Statistical Plots¶

Statistical Plots set groups together 4 different type of plot normally used to analyze correlation and dependencies present in your dataset.

Differently by all the other plots offered by Rulex Platform, their graphical form is fixed by the definition itself of the statistical plot. Therefore, all the linked attributes are used only in a functional form, meaning they affect the way points are evaluated but not graphical structure of the chart.

Statistical Plots group contains the following subtypes:

P-P plot
Q-Q plot
Lorenz curve
Roc curve

To select the plot subtype, you need to open the Plot option menu and select from the Statistical Plot choice drop down menu the desired subtype. Default is Roc curve.

P-P plot¶

In statistics, a P-P plot (probability-probability plot or percent-percent plot or P value plot) is a probability plot for assessing how closely a dataset fits a particular model.

It works by plotting the two cumulative distribution functions against each other; if they are similar, the data will appear to be nearly a straight line.

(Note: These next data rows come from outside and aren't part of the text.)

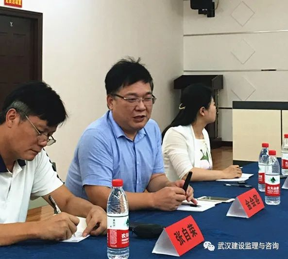 行業(yè)自治第四小組組長、中鐵武漢大橋工程咨詢監(jiān)理有限公司董事長張自榮,副會長夏明、馬真、蔡清明,秘書長陳凌云及秘書處馮梅、李國銘、陶英、嚴(yán)家運一同參加。華德萊集團(tuán)董事長金會容,武漢江城建設(shè)咨詢有限公司總經(jīng)理黃澤光及相關(guān)負(fù)責(zé)人,湖北天工建筑勘察設(shè)計院院長車誼及相關(guān)負(fù)責(zé)人參會。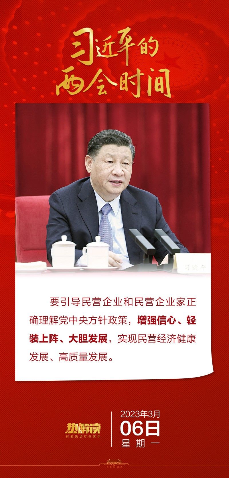 热解读 3月6日下午,习近平总书记亲切看望了参加全国政协十四届一次会议的民建、工商联界委员,并参加联组会,听取意见和建议。联组会上,总书记鼓励广大民营企业家“增强信心、轻装上阵、大胆发展,实现民营经济健康发展、高质量发展”。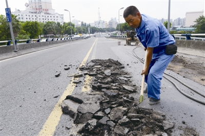 至于为何要施工,据施工单位负责人称,是因为他们发现三维桥北向南有四块桥板出现断裂,存在安全隐患。接下来,他们会将断裂的桥板挖出进行更换,之后再浇筑水泥,“加上养护期时间,大约需要一个月”。

Dimension (mandatory field are bold)	Type	Description
X	feature	It controls the variable used to evaluate the cumulative distribution function originates from data.

The model used for the comparison is established in the Plot option menu through the following options:

Number of quantiles: the number of quantiles used to discretize your data and your model before evaluating the cumulative distributions.
Compared distribution: the type of distribution to compare with your data. Available distributions are:
- Normal
- Exponential
- Gamma
- Beta
- Cauchy
- Logistic
- Lognormal
- Poisson

Note

Parameters of these distributions can be fixed from the same panel. If left blank they are inferred from the data. The inferred value will be displayed as an annotation on the plot itself.

Q-Q plot¶

In statistics, a Q-Q plot (quantile-quantile plot) is a probability plot, a graphical method for comparing two probability distributions by plotting their quantiles against each other. A point (x, y) on the plot corresponds to one of the quantiles of the second distribution (y-coordinate) plotted against the same quantile of the first distribution (x-coordinate). This defines a parametric curve where the parameter is the index of the quantile interval.

If the two distributions being compared are similar, the points in the Q-Q plot will approximately lie on the identity line.

Dimension (mandatory field are bold)	Type	Description
X	feature	It controls the variable used to evaluate the first probability distribution function originates from data.
Y	feature	It controls the variable used to evaluate the second probability distribution function originates from data.

Note

Attribute on Y dimension is optional. In case it will be omitted a model statistical distribution is used. Configuration of the model statistical distribution is performed in the same way as P-P plot.

Lorenz Curve¶

The Lorenz curve is a graphical representation of the Lorenz distribution, which is often associated with the distribution of wealth among the population, according to the Gini Index.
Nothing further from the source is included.